> _ENTRIES SHOWN_:
==========

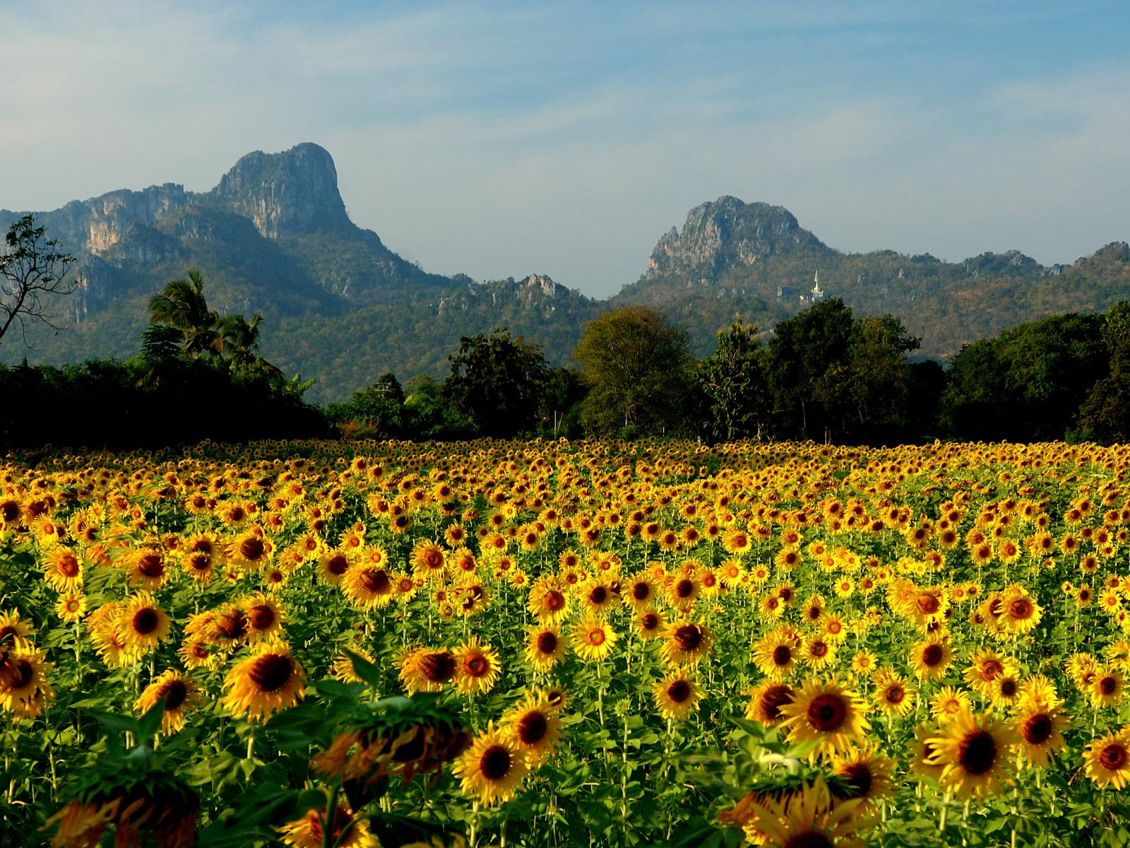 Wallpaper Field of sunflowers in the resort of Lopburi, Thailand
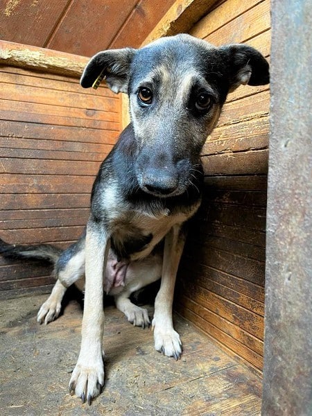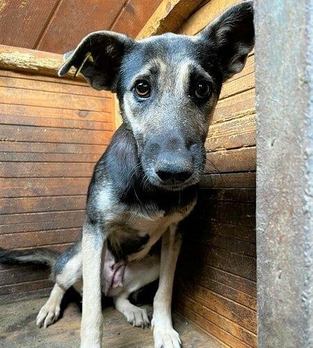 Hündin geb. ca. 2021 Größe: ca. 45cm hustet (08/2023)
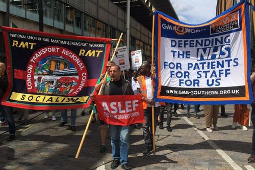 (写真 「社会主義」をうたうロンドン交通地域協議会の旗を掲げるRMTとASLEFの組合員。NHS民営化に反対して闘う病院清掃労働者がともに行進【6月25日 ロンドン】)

==========

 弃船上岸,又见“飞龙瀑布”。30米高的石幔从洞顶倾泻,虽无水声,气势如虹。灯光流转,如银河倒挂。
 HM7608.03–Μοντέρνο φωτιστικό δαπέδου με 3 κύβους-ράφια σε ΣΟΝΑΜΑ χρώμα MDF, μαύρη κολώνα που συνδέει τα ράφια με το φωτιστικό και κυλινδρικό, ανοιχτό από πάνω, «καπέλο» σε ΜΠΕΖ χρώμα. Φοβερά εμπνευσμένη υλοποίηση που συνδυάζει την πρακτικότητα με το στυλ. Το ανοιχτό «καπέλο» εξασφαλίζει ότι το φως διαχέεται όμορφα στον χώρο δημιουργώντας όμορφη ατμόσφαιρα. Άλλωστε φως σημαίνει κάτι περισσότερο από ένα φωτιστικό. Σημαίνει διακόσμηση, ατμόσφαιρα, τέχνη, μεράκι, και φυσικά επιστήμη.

==========

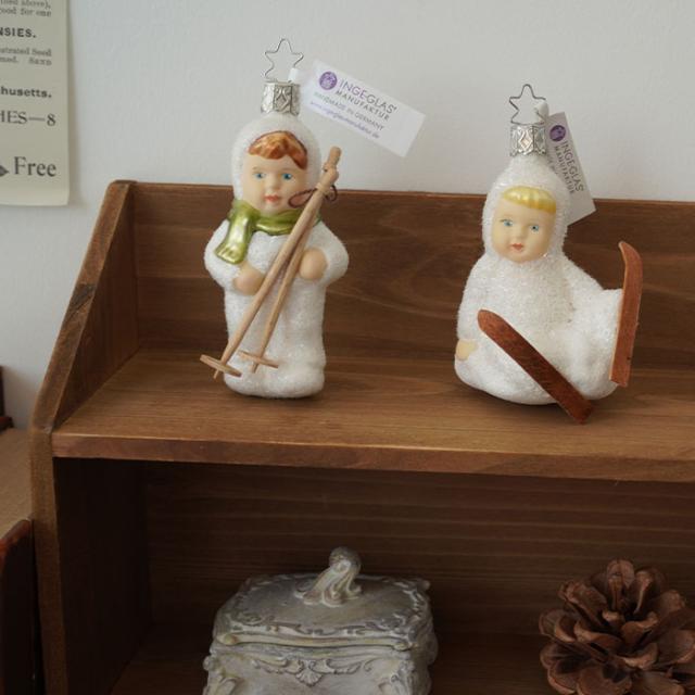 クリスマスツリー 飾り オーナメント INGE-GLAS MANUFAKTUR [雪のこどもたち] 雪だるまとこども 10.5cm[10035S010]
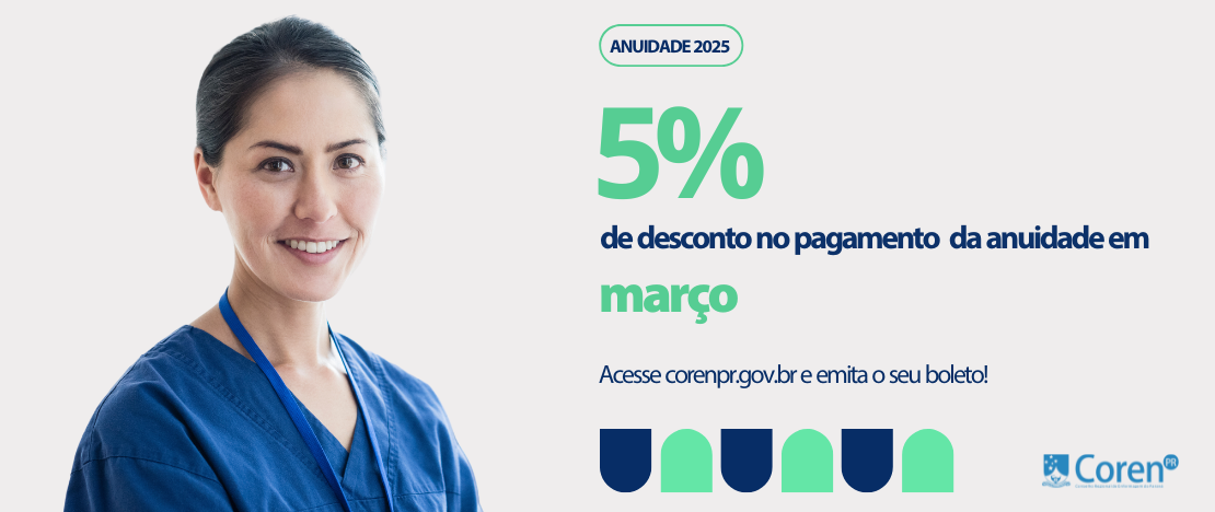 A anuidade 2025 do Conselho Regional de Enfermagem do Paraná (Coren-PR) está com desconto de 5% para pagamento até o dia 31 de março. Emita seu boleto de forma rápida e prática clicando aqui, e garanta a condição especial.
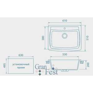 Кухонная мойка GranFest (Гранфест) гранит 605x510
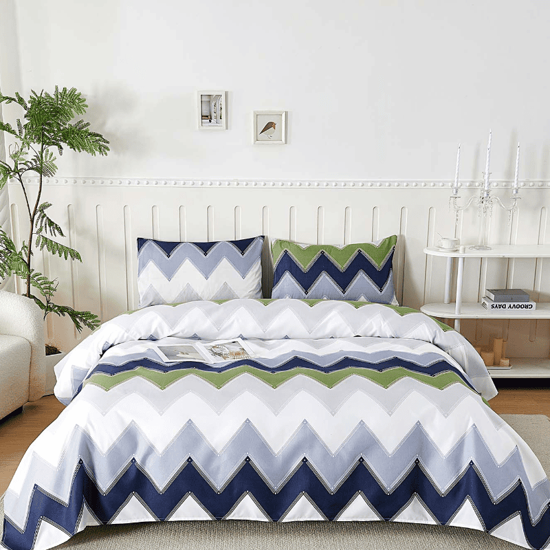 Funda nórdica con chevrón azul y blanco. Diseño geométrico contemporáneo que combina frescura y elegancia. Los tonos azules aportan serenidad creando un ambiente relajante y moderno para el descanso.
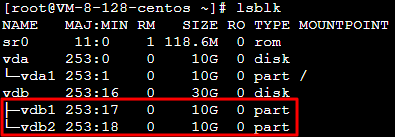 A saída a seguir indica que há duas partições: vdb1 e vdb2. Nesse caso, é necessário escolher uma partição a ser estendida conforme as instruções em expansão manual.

==========

> _TO DO_: Look above for the line containing "Кухонная мойка GranFest", then write out every line from there down to the line containing "A saída a seguir", that line included, with no pictures.

> _EXPECTED ANSWER_:
 Кухонная мойка GranFest (Гранфест) гранит 605x510
 Funda nórdica con chevrón azul y blanco. Diseño geométrico contemporáneo que combina frescura y elegancia. Los tonos azules aportan serenidad creando un ambiente relajante y moderno para el descanso.
 A saída a seguir indica que há duas partições: vdb1 e vdb2. Nesse caso, é necessário escolher uma partição a ser estendida conforme as instruções em expansão manual.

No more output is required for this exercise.